Mr. Halepete received his B.Tech. in Electrical Engineering from IIT Bombay in 1993, where his research focused on characterizing defects in compound semiconductors using Deep Level Transient Spectroscopy (DLTS). He conducted this research at the Tata Institute of Fundamental Research (TIFR). He earned his MS in Electrical Engineering from Stanford University in 1995, where his research involved optimizing silicon surface microroughness using Atomic Force Microscope (AFM) measurements.
Mr. Halepete joined Sun Microsystems’ Advanced Development Group in 1995, where he researched low-power and ultra-low threshold-voltage CMOS circuits, earning several patents for circuit innovations.

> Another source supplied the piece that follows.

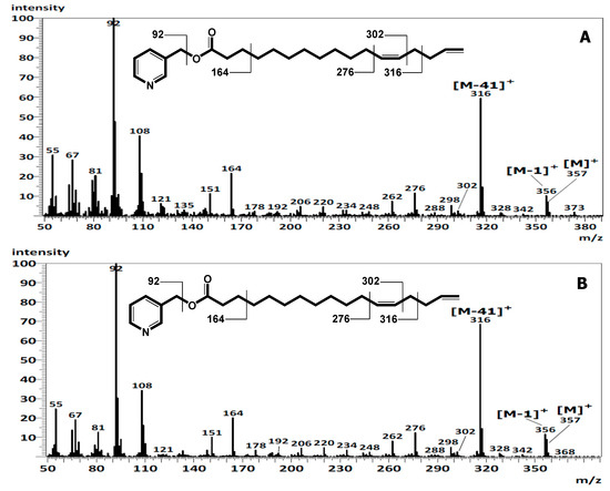 Synthetic 1: EI-MS spectrum for methyl 12,16-heptadecadienoate: 280 ([M]+, 4), 248 ([M − 32]+, 7), 220 (1), 206 ([M − 74]+, 4), 178 (2), 164 (5), 149 (8), 123 (18), 109 (43), 95 (64), 81 (93), 74 (25), 67 (99) and 55 (100); ECL 17.93; EI-MS spectrum for 3-pyridylcarbinyl 12,16-heptadecadienoate: 357 ([M]+, 9), 356 ([M − 1]+, 12), 342 ([M − 15]+, 1), 328 ([M − 29]+, 2), 316 ([M − 41]+, 69), 302 (2), 276 (12), 262 (8), 248 (2), 234 (3), 220 (5), 206 (4), 192 (2), 178 (3), 164 (20), 151 (10), 108 (34) and 92 (100), (Figure 3B and Figure 5B).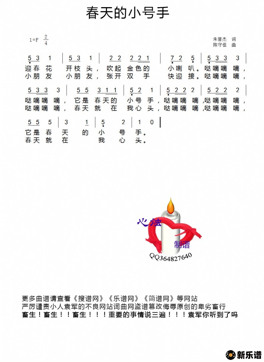 佚名演唱的春天的小号手歌词,春天的小号手简谱.

In 1996, he joined Transmeta Corporation, where he worked on VLIW processors enabling dynamic binary translation for multi-GHz, low-power computing, significantly extending laptop battery life. His innovations in low power circuit and system design led to multiple patents in the field. In 2002, he joined NVIDIA Corporation to develop the company’s first streaming multiprocessor-based GPU, ushering in the era of general purpose computing and AI on graphics processors. Over his 23 year tenure at NVIDIA, he has led the development of multiple generations of GPUs, CPUs, and SoCs, driving breakthroughs in computing that resulted in real time ray tracing in graphics and the rise of generative AI. Mr. Halepete has delivered keynote speeches at leading EDA conferences, including the Design Automation Conference (DAC), and has spearheaded successful collaborations with EDA companies to advance state-of-the art computing silicon.

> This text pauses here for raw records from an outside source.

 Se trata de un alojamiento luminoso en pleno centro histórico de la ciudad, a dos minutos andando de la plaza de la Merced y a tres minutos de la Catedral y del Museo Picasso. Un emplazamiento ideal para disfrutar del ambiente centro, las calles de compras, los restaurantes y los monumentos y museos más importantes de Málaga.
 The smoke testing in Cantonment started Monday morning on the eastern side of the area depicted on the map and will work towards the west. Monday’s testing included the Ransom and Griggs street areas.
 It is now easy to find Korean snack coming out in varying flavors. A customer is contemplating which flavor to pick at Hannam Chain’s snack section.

Any other interesting fact about yourself that you would like to share: My dad was also an electrical engineer, so I was lucky to be able to start playing with transistors when I was less than ten years old. Therefore, during my lifetime, I have seen a 100,000,000,000-fold increase in the transistor count of circuits – from the one-transistor circuit on a copper-clad PCB I built during my childhood to the more than 100 billion transistor GPUs in the most advanced CMOS technology that we are building at NVIDIA today.